- **Exercise aim**
Quote only the span from the first line of the entries to the line containing "2011年3月11日,东日本", both ends kept. Leave every picture out.

- **Record extracts**
■ ■ ■

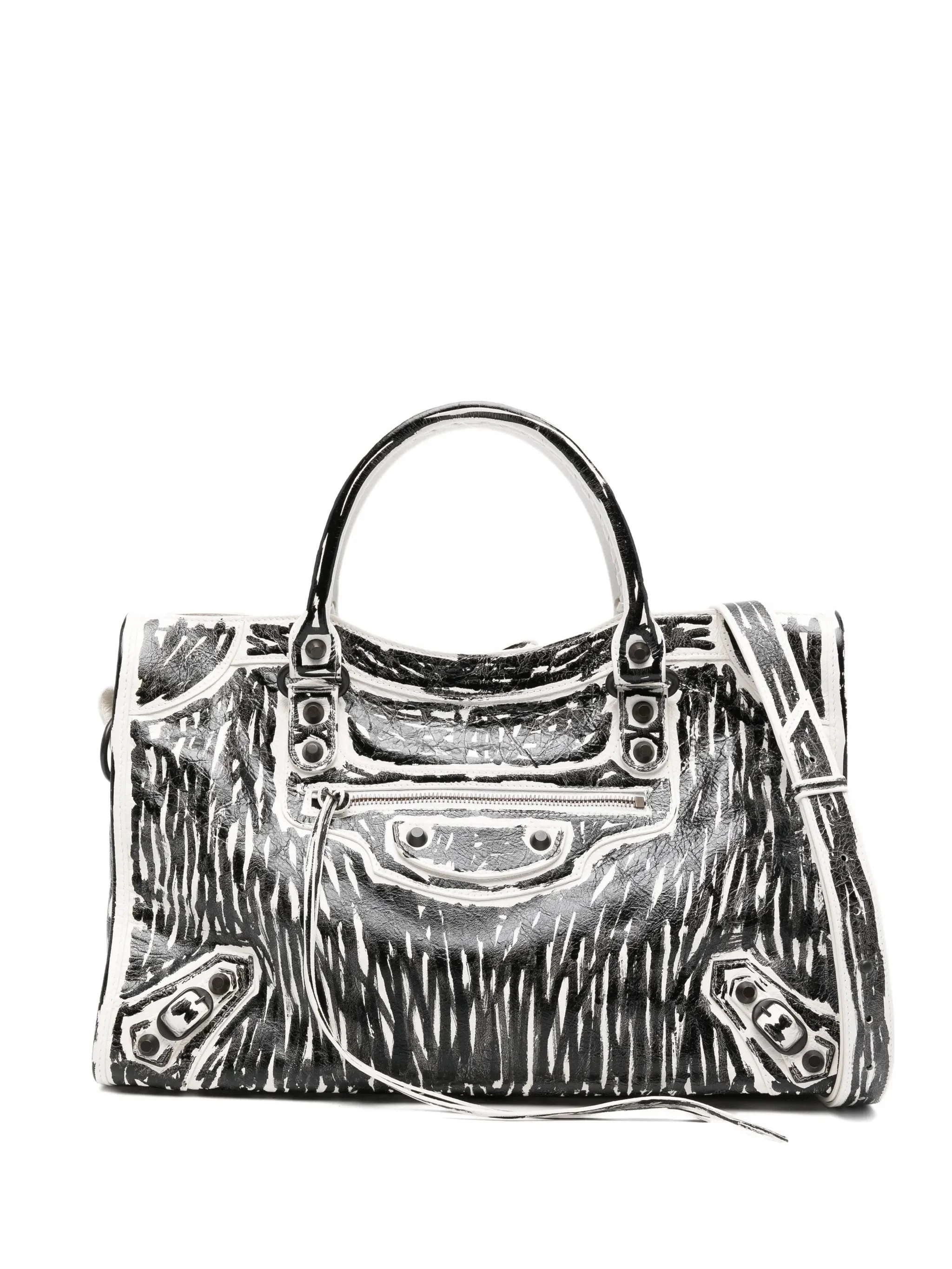 white and black graphic print top handle front zip pocket silver-tone hardware This piece comes complete with a protective dust bag. - Color: BLACK/WHITE - Made in: Italy - Designer Style ID: 823058 2AB9W 9110 Composition and care Outer Composition Calf Leather: 100.0%
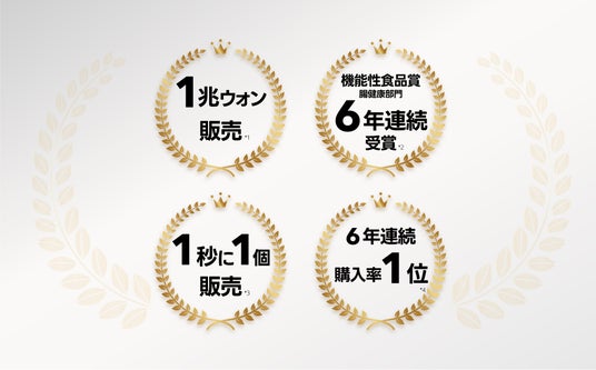 また、6年連続で「韓国機能性食品賞・腸健康部門」*²を受賞しており、その機能性と品質の高さが評価されています。さらに、1秒に1個が売れる*³という驚異的な販売実績を記録し、6年連続で消費者購入率No.1*⁴を維持するなど、韓国の健康機能食品市場を牽引する存在です。
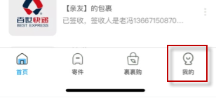 1、打开淘宝我的淘宝界面APP,找到并找到点击菜鸟。
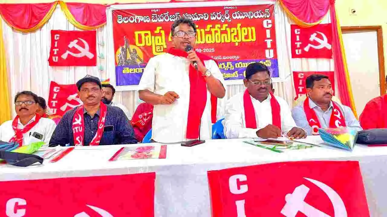 మంచిర్యాల కలెక్టరేట్, సెప్టెంబరు 7 (ఆంధ్రజ్యోతి) : బేవరేజెస్ హమాలీ కార్మికులు హక్కుల సాధన కోసం ఐక్య పోరాటాలు చేయాలని సీఐటీయూ రాష్ట్ర ప్రధాన కార్యదర్శి పాలడుగు భాస్కర్ అన్నారు. ఆదివారం జిల్లా కేంద్రంలోని బైపాస్రోడ్డులోని ఫంక్షన్హాలులో నిర్వహిం చిన హమాలీ కార్మికుల నాలుగో రాష్ట్ర మహాసభలకు ఆ యన హాజరై మాట్లాడారు. రాష్ట్ర వ్యాప్తంగా బేవేరెజెస్ గోదాముల్లో 2 వేల మందికి పైగా కార్మికులు పనిచే స్తు న్నారని , ప్రభుత్వానికి వారి ద్వారా కోట్ల రూపాయల ఆ దాయం సమకూరుతుందని అయినా వారిని శ్రమదో పిడికి గురి చేస్తుందన్నారు. ప్రైవేటు వ్యక్తులకు చెల్లిస్తు న్న డబ్బులతో సొంత గోదాములు నిర్వహించుకునే వీ లున్నప్పటికీ ప్రభుత్వం ఆ పనిచేయకపోవడం వి డ్డూ రంగా ఉందన్నారు. ఫలితంగా గోదాములు స్ధానికత పేరుతో బయట వ్యక్తులకు పోటీ పెరిగి హమాలీల పనులకు భద్రత కరువైందన్నారు. కంపెనీల నుంచి వచ్చిన వాహనాల్లో మద్యాన్ని బయట వ్యక్తులు దొంగత నాలు చేస్తున్నారని, అయినప్పటికీ ప్రభుత్వం చర్యలు చేపట్టకపోవడం సరైంది కాదన్నారు. హమాలీలకు మౌ లిక సదుపాయలు కల్పించడంలో ప్రభుత్వం విఫల మైం దన్నారు. లక్షల రూపాయలు ప్రైవేటు వ్యక్తుల గోదా ములు లీజుకు తీసుకుని ప్రభుత్వం నిధులను దుర్విని యోగం చేస్తుందన్నారు. అనంతరం గౌరవధ్యక్షుడు రా ములు మాట్లాడుతూ ఐకమత్యంతో హక్కులను సాధిం చుకోవాలని పిలుపునిచ్చారు. సంక్షేమ పథకాలకు కార్మి కులకు వర్తింపజేయాలని డిమాండ్ చేశారు. అంతకు ముందు ఐబీ చౌరస్తాలోని అంబేద్కర్ విగ్రహానికి పూల మాలలు వేసి నివాళులర్పించారు. ర్యాలీగా ఫంక్షన్హా లుకు చేరుకుని జెండా ఎగురవేశారు. ఈ కార్యక్రమం లో జిల్లా కార్యదర్శి రంజిత్కుమార్, గోమాస పకాష్, దా సరి రాజేశ్వరి, దేవదాస్ పాల్గొన్నారు.
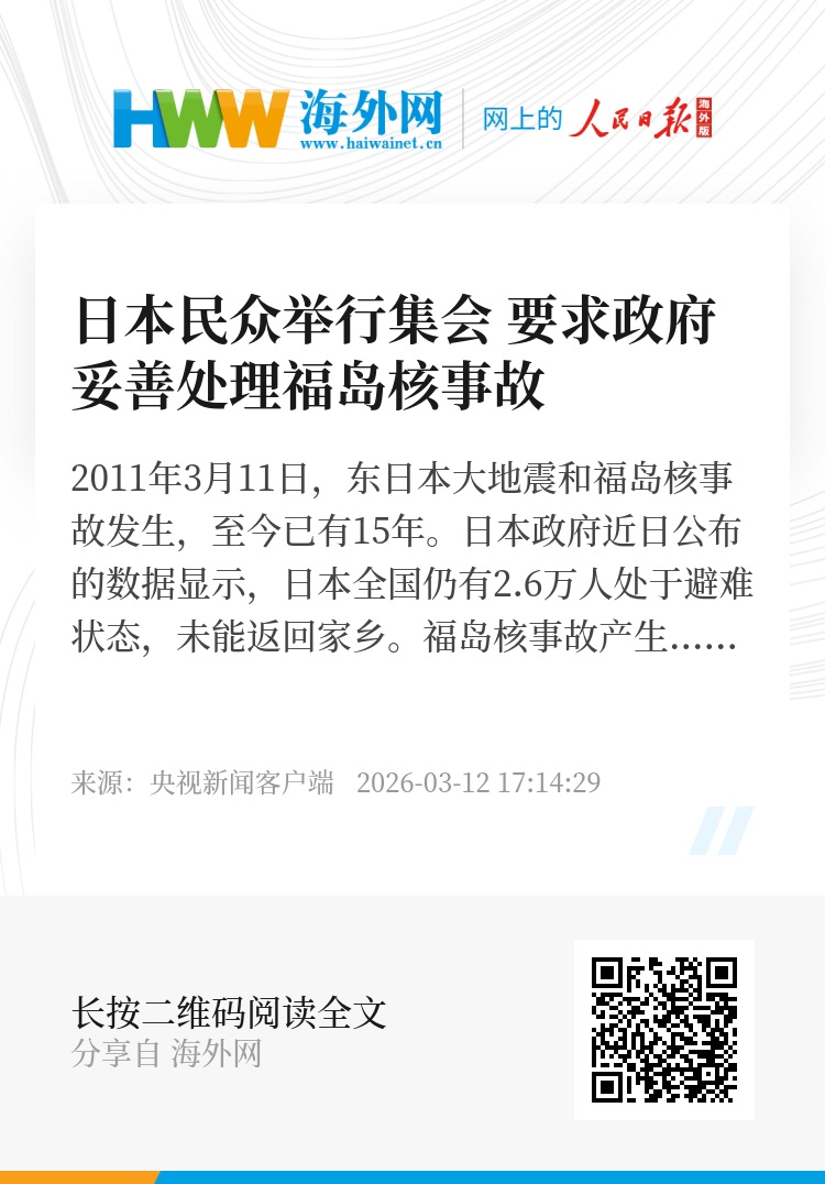 2011年3月11日,东日本大地震和福岛核事故发生,至今已有15年。日本政府近日公布的数据显示,日本全国仍有2.6万人处于避难状态,未能返回家乡。福岛核事故产生的核污染土处置问题进展缓慢。
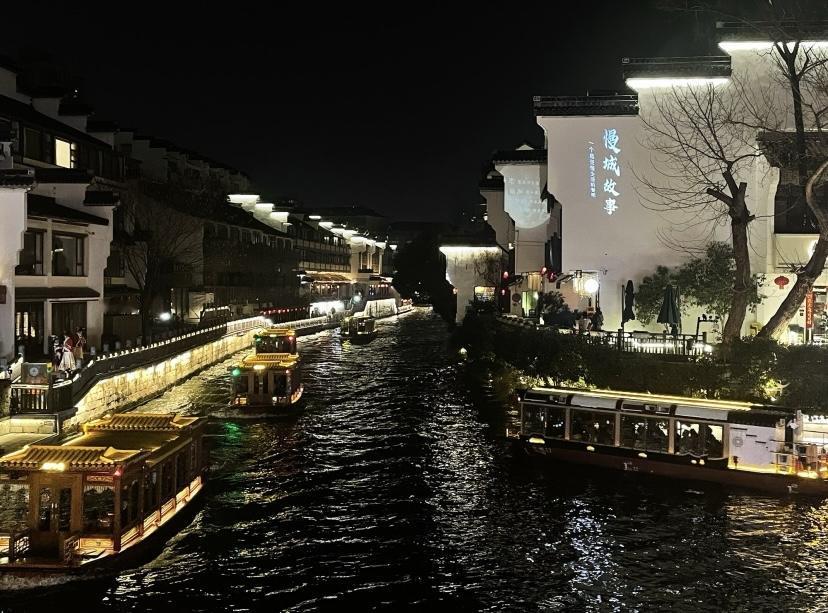 夜晚的秦淮河,岸灯火次第晕开暖黄的光,画舫凌波,晚风裹着淡淡的桂香。巷口小吃摊的蒸笼冒着白气,刚出笼的汤包皮薄馅嫩,咬开一口,鲜美的汤汁在舌尖化开,配着河畔的温柔夜色,一口烟火,一味江南,皆是金陵夜的温柔滋味。
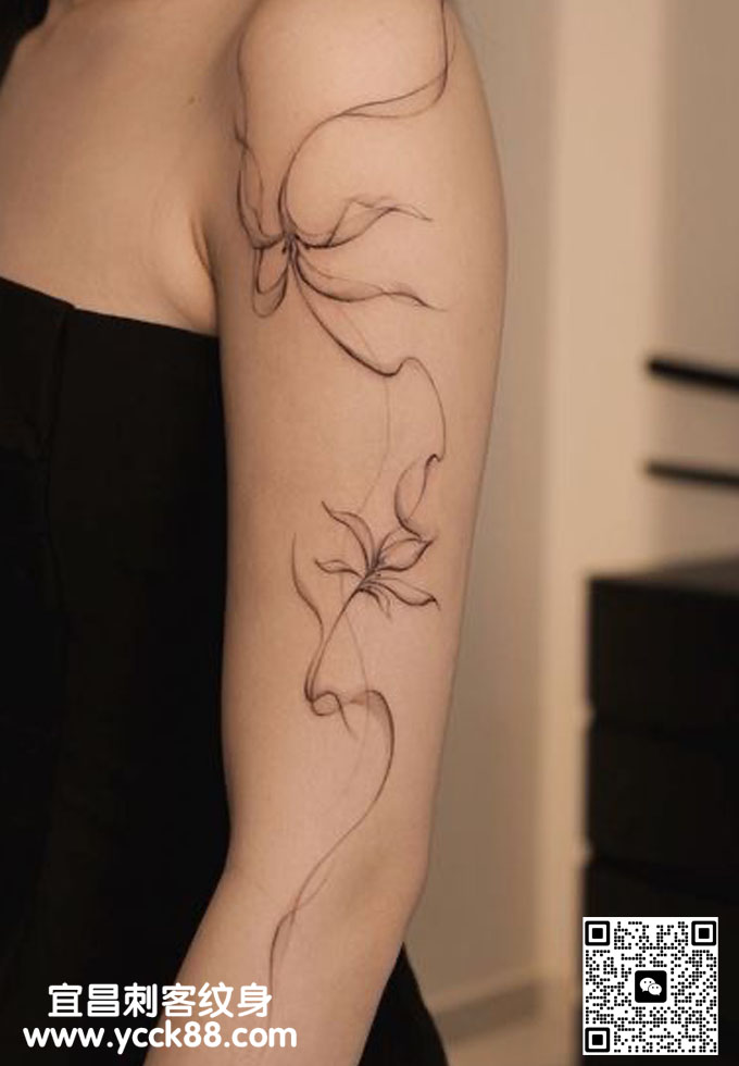 手臂细线风格纹身  查看更多人体个性纹身图案请登入宜昌刺客纹身网 www.ycck88.com
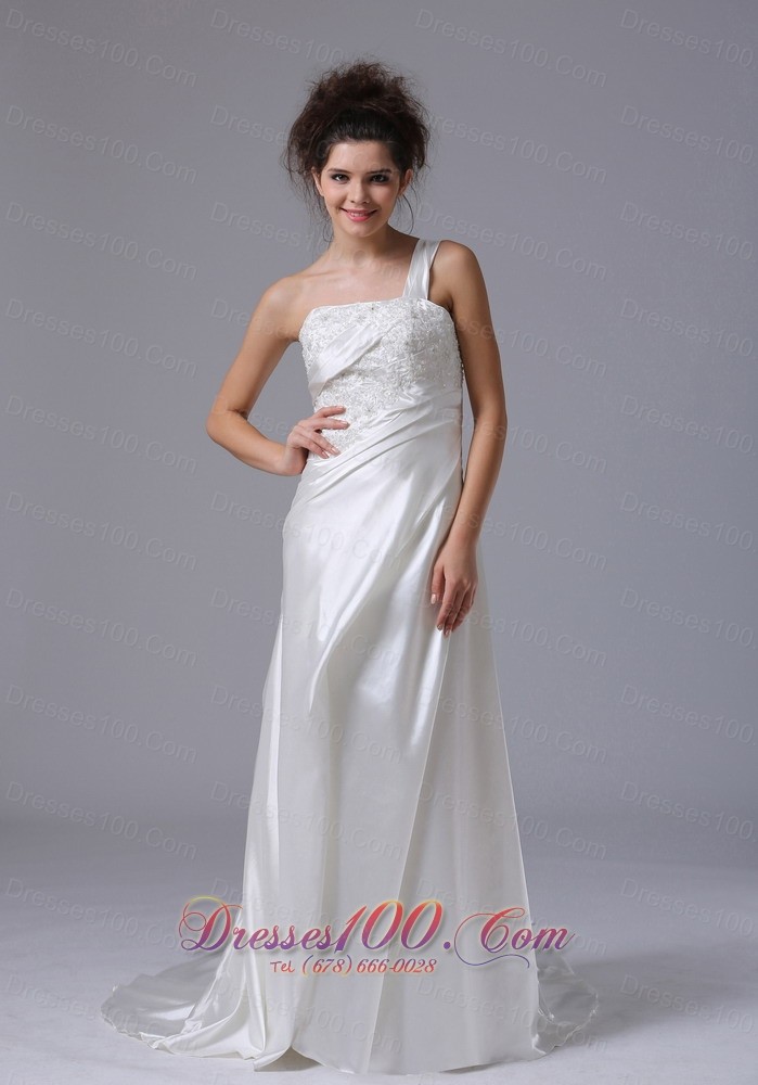 One Shoulder Beading Taffeta Bridal Wedding Gown With Court Train
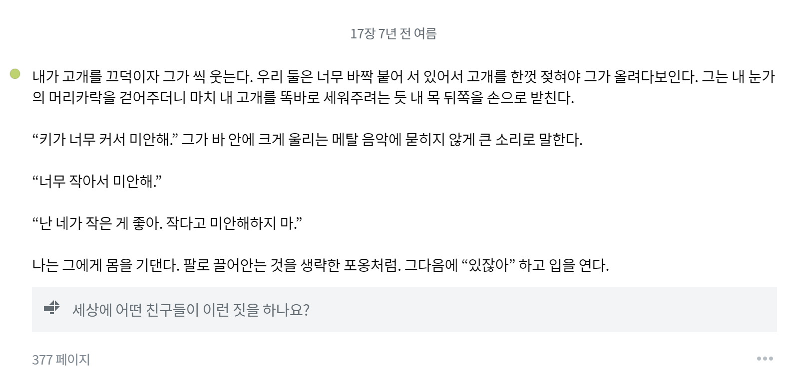 이 소설은 현재와 과거 시점이 번갈아가며 나오는데, 위에 내가 인용한 마지막 메모를 쓴 때가 소설 속에서 이미 7년 전이라는 점을 상기하자. 만난 지 한 3년쯤 됐던 시점에 이미 둘은 친구가 아니었다고!! 아니, 친구에서 사귀는 사이가 된다는 트로프(trope, 이 글 참고)는 나도 참 좋아하지만, 그렇다고 이미 둘이 사귀는 수준으로 행동하는데 각자 그냥 ‘친구’일 뿐이라고 기만하는 것은 친구 사이라고 인정할 수 없다! 누가 애초에 각자 사귀는 애인이 없는 사이에서 이성 사람 친구랑 단둘이 여행을 간단 말인가? 쌍방향 짝사랑 삽질도 정도가 있지. 애초에 이성 사람 친구라는 건 그렇게 애틋한 존재일 수가 없는 거 아닌가? 남사친이랑 하루 종일 전화를 한다거나, 정수리에 입을 맞춘다거나, 몸을 기대는 건 이미 친구의 범주를 벗어났는데 이 무슨… 내가 ‘친구에서 연인으로’ 발전하는 이야기에서 좋아하는 건 아주 조금만 친밀한 행위(예컨대 물건을 전달해 줄 때 손끝이 살짝 닿는다는가)를 할 때 두근두근 설레는 마음을 느끼면서 그걸 숨기고자 애쓰는 점이라고! 이렇게 대놓고 친구 이상의 일을 다 하면서 정작 사랑한다는 말은 안 하고 ‘그를 잃을까 두려워’ 운운하는 건 그냥 기만이지. ‘(이성 사람) 친구’인 상대에 대한 마음을 자각했으면 그냥 아예 당당하게고 뻔뻔하게 대시를 하든가 아니면 숨기려고, 그도 아니면 포기하려고 해야 하는 거 아니냐?
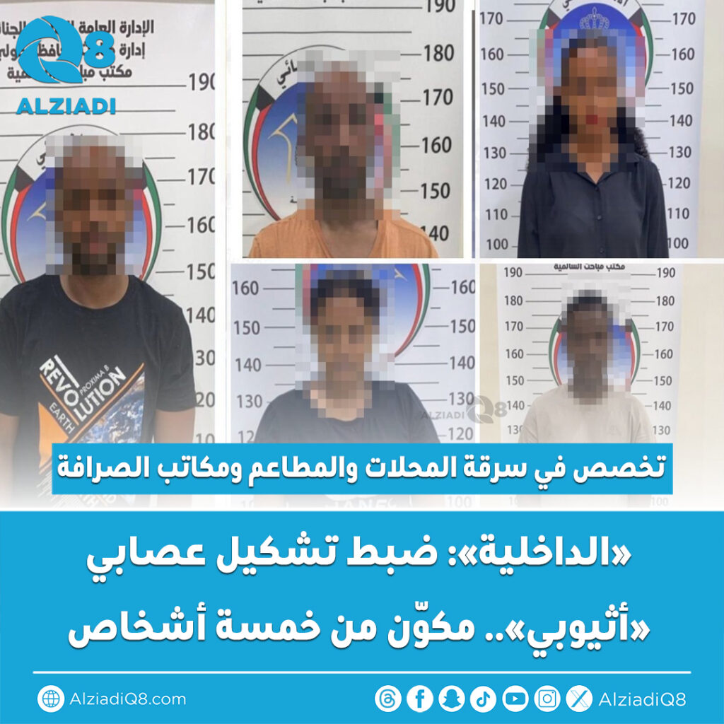 في إطار جهود وزارة الداخلية المستمرة للحد من انتشار الجريمة وضمان حفظ الأمن وضبط الخارجين على القانون، نجحت الإدارة العامة للمباحث الجنائية، ممثلة في «إدارة مباحث محافظة حولي»، في إلقاء القبض على تشكيل عصابي مكوّن من خمسة أشخاص من الجنسية الأثيوبية، تخصصوا في سرقة المحلات التجارية والمطاعم ومكاتب الصرافة.

■ ■ ■

- **Written response**
 white and black graphic print top handle front zip pocket silver-tone hardware This piece comes complete with a protective dust bag. - Color: BLACK/WHITE - Made in: Italy - Designer Style ID: 823058 2AB9W 9110 Composition and care Outer Composition Calf Leather: 100.0%
 また、6年連続で「韓国機能性食品賞・腸健康部門」*²を受賞しており、その機能性と品質の高さが評価されています。さらに、1秒に1個が売れる*³という驚異的な販売実績を記録し、6年連続で消費者購入率No.1*⁴を維持するなど、韓国の健康機能食品市場を牽引する存在です。
 1、打开淘宝我的淘宝界面APP,找到并找到点击菜鸟。
 మంచిర్యాల కలెక్టరేట్, సెప్టెంబరు 7 (ఆంధ్రజ్యోతి) : బేవరేజెస్ హమాలీ కార్మికులు హక్కుల సాధన కోసం ఐక్య పోరాటాలు చేయాలని సీఐటీయూ రాష్ట్ర ప్రధాన కార్యదర్శి పాలడుగు భాస్కర్ అన్నారు. ఆదివారం జిల్లా కేంద్రంలోని బైపాస్రోడ్డులోని ఫంక్షన్హాలులో నిర్వహిం చిన హమాలీ కార్మికుల నాలుగో రాష్ట్ర మహాసభలకు ఆ యన హాజరై మాట్లాడారు. రాష్ట్ర వ్యాప్తంగా బేవేరెజెస్ గోదాముల్లో 2 వేల మందికి పైగా కార్మికులు పనిచే స్తు న్నారని , ప్రభుత్వానికి వారి ద్వారా కోట్ల రూపాయల ఆ దాయం సమకూరుతుందని అయినా వారిని శ్రమదో పిడికి గురి చేస్తుందన్నారు. ప్రైవేటు వ్యక్తులకు చెల్లిస్తు న్న డబ్బులతో సొంత గోదాములు నిర్వహించుకునే వీ లున్నప్పటికీ ప్రభుత్వం ఆ పనిచేయకపోవడం వి డ్డూ రంగా ఉందన్నారు. ఫలితంగా గోదాములు స్ధానికత పేరుతో బయట వ్యక్తులకు పోటీ పెరిగి హమాలీల పనులకు భద్రత కరువైందన్నారు. కంపెనీల నుంచి వచ్చిన వాహనాల్లో మద్యాన్ని బయట వ్యక్తులు దొంగత నాలు చేస్తున్నారని, అయినప్పటికీ ప్రభుత్వం చర్యలు చేపట్టకపోవడం సరైంది కాదన్నారు. హమాలీలకు మౌ లిక సదుపాయలు కల్పించడంలో ప్రభుత్వం విఫల మైం దన్నారు. లక్షల రూపాయలు ప్రైవేటు వ్యక్తుల గోదా ములు లీజుకు తీసుకుని ప్రభుత్వం నిధులను దుర్విని యోగం చేస్తుందన్నారు. అనంతరం గౌరవధ్యక్షుడు రా ములు మాట్లాడుతూ ఐకమత్యంతో హక్కులను సాధిం చుకోవాలని పిలుపునిచ్చారు. సంక్షేమ పథకాలకు కార్మి కులకు వర్తింపజేయాలని డిమాండ్ చేశారు. అంతకు ముందు ఐబీ చౌరస్తాలోని అంబేద్కర్ విగ్రహానికి పూల మాలలు వేసి నివాళులర్పించారు. ర్యాలీగా ఫంక్షన్హా లుకు చేరుకుని జెండా ఎగురవేశారు. ఈ కార్యక్రమం లో జిల్లా కార్యదర్శి రంజిత్కుమార్, గోమాస పకాష్, దా సరి రాజేశ్వరి, దేవదాస్ పాల్గొన్నారు.
 2011年3月11日,东日本大地震和福岛核事故发生,至今已有15年。日本政府近日公布的数据显示,日本全国仍有2.6万人处于避难状态,未能返回家乡。福岛核事故产生的核污染土处置问题进展缓慢。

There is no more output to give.